Минут через двадцать в комнате Реды было тихо и темно, как в тот день, наверное, когда хозяйка бежала из замка, окружённого врагами.

II
Реда. 2 года до смерти.

История не терпит сослагательного наклонения. Но – увы, терпит повелительное.

А. Кнышев


Дело шло к полудню. Хотя в коридор не проникало света снаружи, было, тем не менее, светло – достаточно, чтобы читать. Свет расходился от закреплённых на стенах по обеим сторонам факелов. Впрочем, читать здесь едва ли кто-то вздумал бы. Да и некому, собственно: два одетых в бирюзовое человека, неподвижно стоявших с алебардами у полированной деревянной двери в конце коридора, не умели, кажется, даже моргать – как статуи. (Вообще-то, читать они тоже не умели, но этого на лбу не написано). Было душно, но оба замерших навытяжку караульных и не к таким запахам привыкли. Только когда один из факелов забился в конвульсиях и испустил дух: тёмно-серый, почти чёрный, маслянистый и едкий, – стоявший справа от двери закашлялся, но тут же поспешно принял исходное положение. Как раз вовремя: в противоположном конце коридора показались трое. Невысокая женщина в охотничьем костюме из зеленой парчи, переливавшейся серебром, уверенно и быстро шла впереди, не оглядываясь на своих спутников – двоих мужчин в дурацких оранжево-зеленых камзолах с высокими неудобными воротниками. Эти двое остались за дверью, когда Реда вошла в библиотеку. Её там уже ждали.

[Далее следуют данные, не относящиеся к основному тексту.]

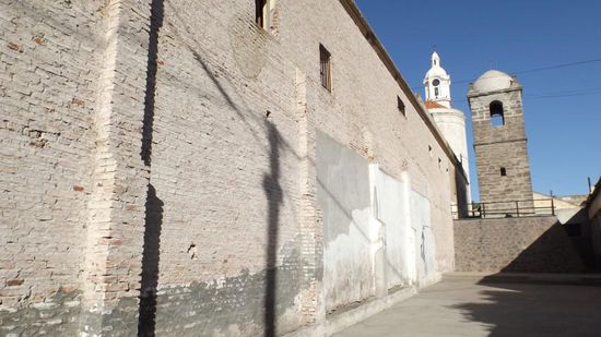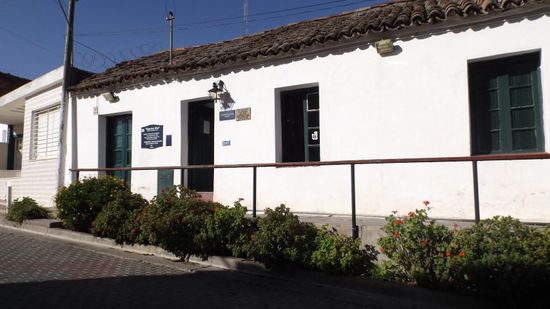 eingerahmt von zwei 1820 erbeuteten brasilianischen Kriegsflaggen, dazu ein schöner historischer Stadtkern mit alten Adobe Häusern,
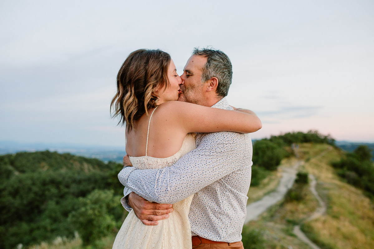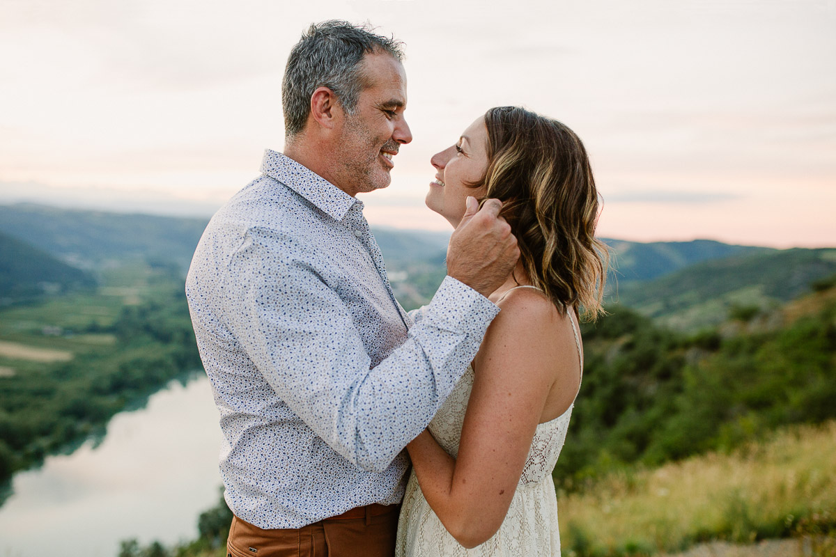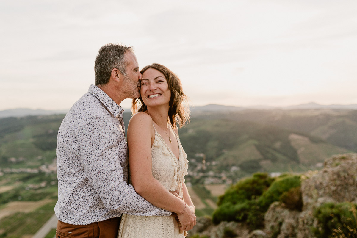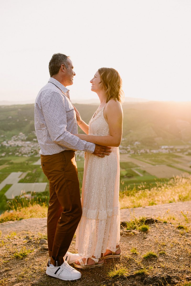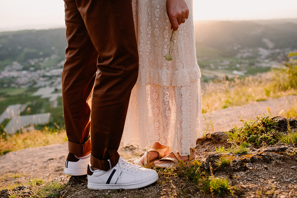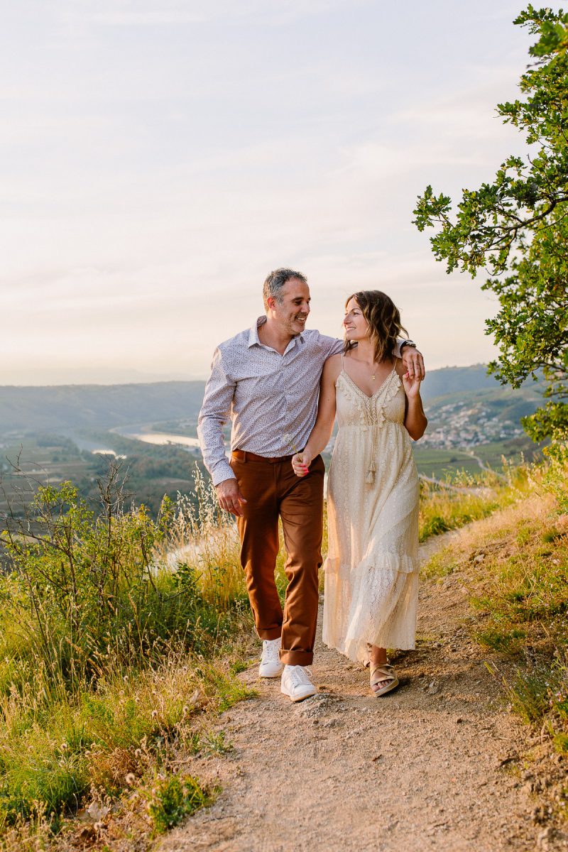 Avec ces deux amoureux, nous nous sommes donc donné rendez-vous entre Drôme et Ardèche, dans un très beau site naturel dominant le Rhône et les vignobles de l’Hermitage. La météo nous a gâtés, avec une très belle lumière dorée juste avant le coucher du soleil !

Тшадоно Нга, родом из Занги, представлял собой весьма своеобразную личность. Учёный, поэт и философ, он сознательно отказался изучать магию по совершенно неясным ни для кого (кроме, возможно, самого Тшадоно Нга) причинам, тем самым отказавшись стать Мастером, хотя многие всё отдали бы за это звание. Выделялась из общего ряда и история его появления при имперском дворе. Удивляло, впрочем, вовсе не то, что многие представители интеллигенции были собраны в столицу со всех концов Империи, и не то, что Тшадоно оказался в их числе. Хотя поговаривали (очень тихо и очень нервно оглядываясь), что императрица – «…нет-нет, вы только не подумайте, что я осмеливаюсь судить или, охраните Вечные, осуждать, но мне всё-таки странно…» – многим казалось «странно», что пригласили не арнского Мастера, например, а «этого зангского недоучку». Главной же странностью нужно признать то, о чём едва ли кто-то знал (кроме императрицы, разумеется, и самого Тшадоно): в письме, пришедшем ему из Даз-нок-Раада, содержался не приказ явиться, а просьба, причем особо оговаривалось, что в случае отказа никаких репрессий не последует. Более чем неординарное заявление от всегда на репрессии щедрой Реды. Тем более, что слово своё она обычно держала (хотя всё-таки обычно, а не всегда). Так или иначе, но «зангскому недоучке» было высочайше позволено выбирать, служить императрице, или нет, и он выбрал первое, хотя порой не слишком лестно (и слишком по тем временам неосмотрительно) отзывался о некоторых её действиях. И приехав, пожилой ученый не стал менять своих убеждений, более того, он и скрывать их не вздумал, время от времени позволяя себе критиковать Реду. Но что самое странное, он, после вот уже полутора лет такого поведения при дворе, оставался в живых. И оставался единственным, кому императрица старомодно говорила «вы». Об этом последнем, впрочем, тоже мало кто знал. Реда предпочитала беседовать с ним наедине: скорее всего, она не хотела, чтобы у непочтительного поэта нашлись последователи, – но беседовала довольно часто. Тшадоно рассказывал о поэзии, в которой разбирался великолепно, а императрица редко упускала возможность пополнить своё образование. Тшадоно пытался время от времени переключиться и на более насущные проблемы, но его политические, экономические и в особенности социальные выкладки императрица упорно игнорировала. А на сегодня как раз была назначена очередная беседа.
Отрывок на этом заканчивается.